Ivy glanced at El-Hassam. The pen was gone.

The men rose, filed out, Morales, Perkins, Felix, and El-Hassam last. He handed Ivy the paper. “Needs a title,” he said.

“We’ll do that next week,” Ivy said. “See you then.”

El-Hassam was about to say something, but Moffitt beat him to it. “Unless they all get pardoned,” he said.

 

Taneesha led her out: down a wide corridor, across the open space to the gate, where new guards were on duty. They shone the infrared torch on the back of her hand. VISITOR showed up in blue and they returned her license, keys, pens, cell phone.

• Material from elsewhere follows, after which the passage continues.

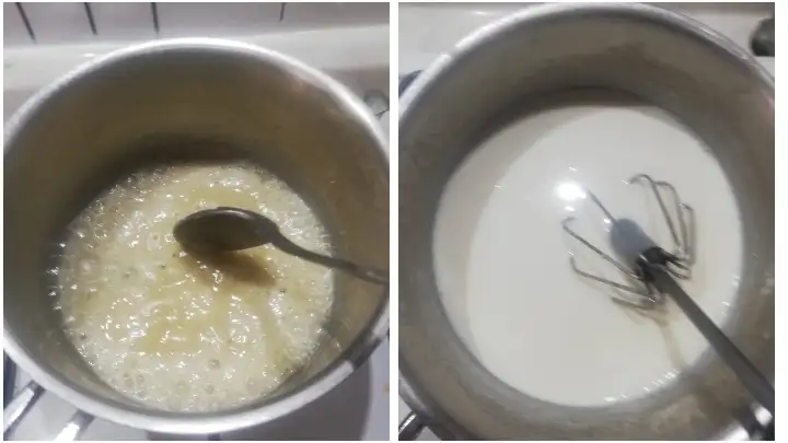Beşamel sos için unu yağla kokusu çıkana dek kavuruyoruz ve sütü ekleyip koyulaşmasını bekleyip kaynayınca ocağı kapatıyoruz.
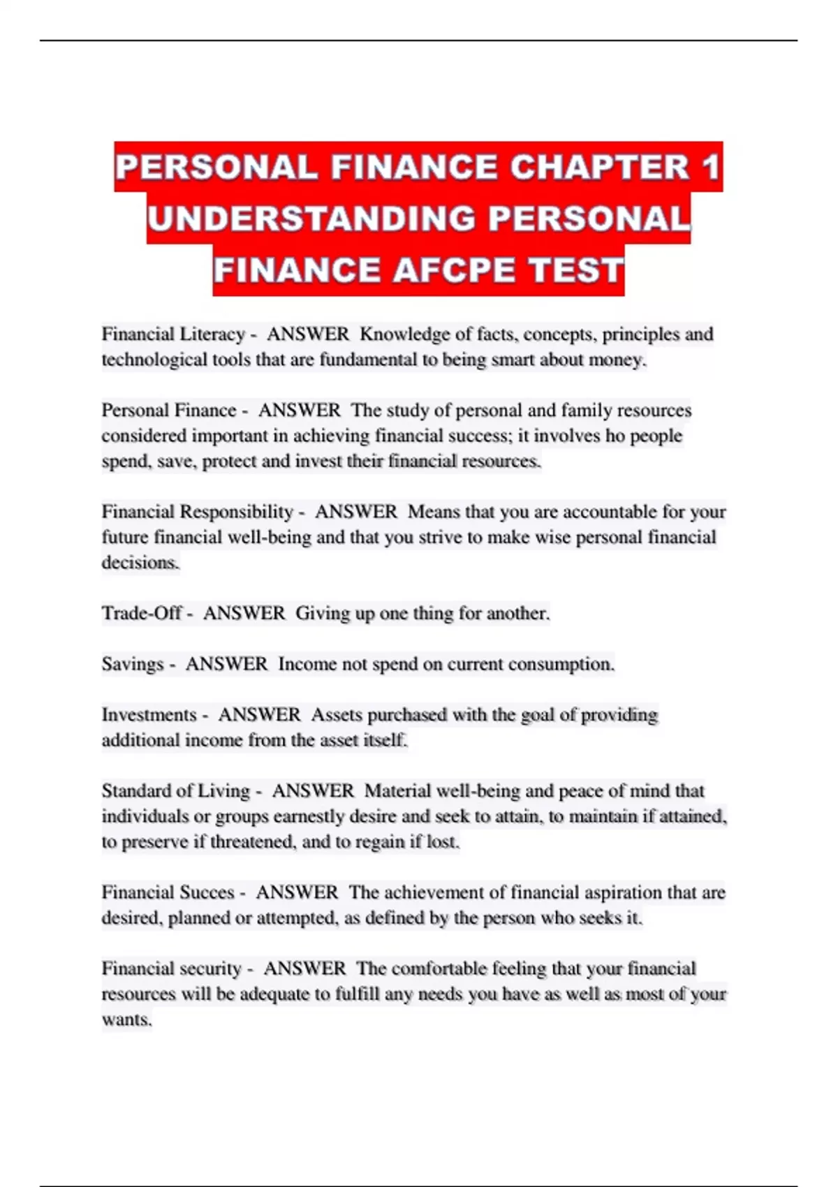 PERSONAL FINANCE CHAPTER 1 UNDERSTANDING PERSONAL FINANCE AFCPE TEST...

“Coming back?” Taneesha said.

“Of course,” said Ivy, surprised.

“Lots don’t,” said Taneesha.

Ivy found her own way out of the administration building, out into the sunshine. All at once, she felt immensely powerful, completely free of worry and striving, at the tip-top of life. She crossed the street, walked up to a little park at the top of the hill. From there, she could look down, over the prison, across a broad golden flatland all the way to Lake Champlain, sparkling blue in the distance. That reminded her of the Great Salt Lake, which she had never actually seen, and those few lines liked by The New Yorker. She was going to get better than that, way better.

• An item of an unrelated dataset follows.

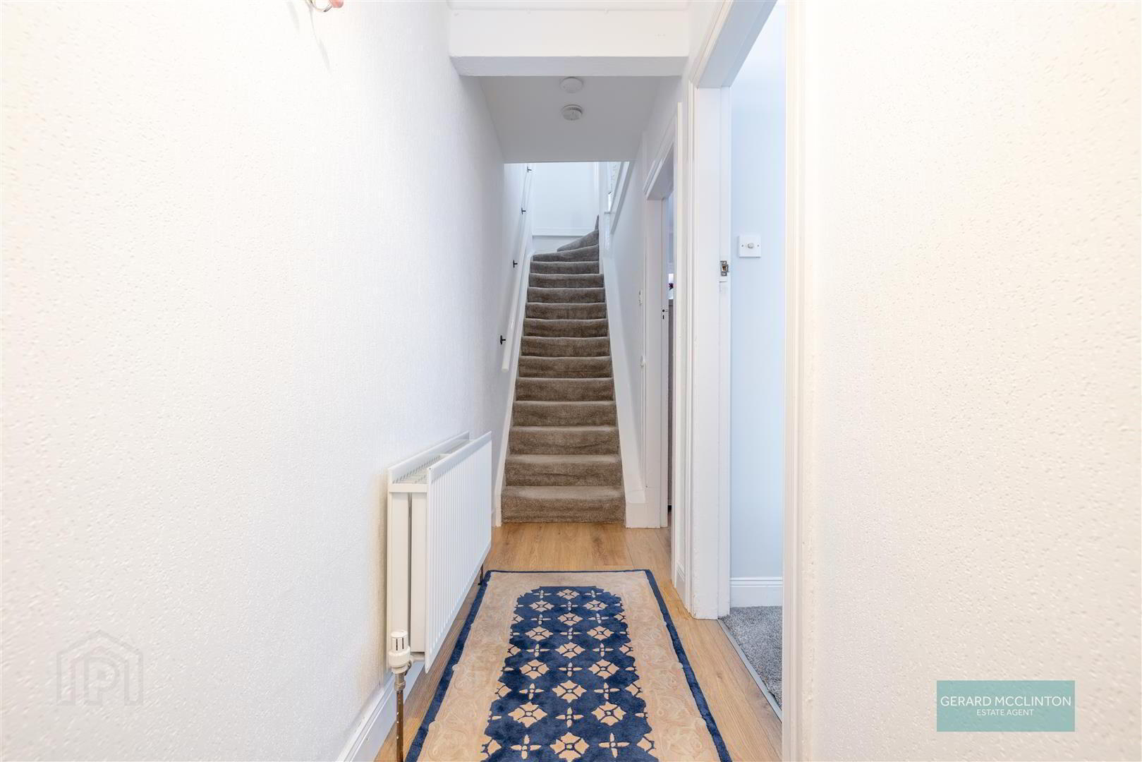 Black painted original door, laminate wooden floor, radiator, staircase to first floor

Ivy leaned against a tree, read the chain poem. None of them could spell at all, and El-Hassam was the worst. Many of Morales’s letters were backwards and so were some of Perkins’s. Also Perkins did a lot of capitalizing.

Corrected for spelling and those backwards letters, Perkins had written:

Tomorrow and tomorrow and Tomorrow

Creeps in this Petty Pace from day to day

To the Last syllable of recorded Time

And All our yesterdays Have lighted Fools

The way to Dusty Death.

Somehow memorizing the whole thing just from hearing her say it once.

Morales:

I had wheels man! Bright orange Camaro! like a
firebomb with a 427! and mag rims me and my
homey stole off a jew in Trenton! Zoom! Took two
hos on a cookout! Carmen and the one with the tits!

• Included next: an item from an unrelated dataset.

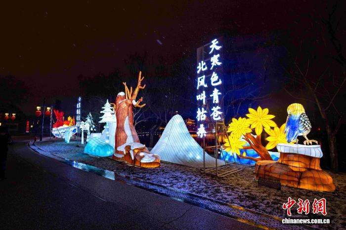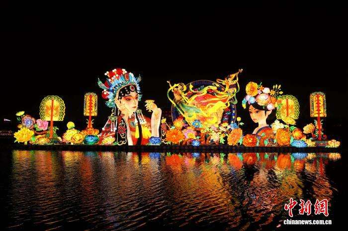 大唐芙蓉园内的唐诗花灯。(图片来源:中新网发/曲江文旅股份供图)

That one do what I want all the way home! Ooooo! Not
all the way, cause of we getting wrecked by this
eighteen-wheeler off of exit 79!

And he’d signed it, Hector Luis Morales, in big letters with lots of flourishes, not unlike John Hancock except for the backwards letters.

And El-Hassam:

Ivy drove home. She stopped shaking somewhere on the Northway.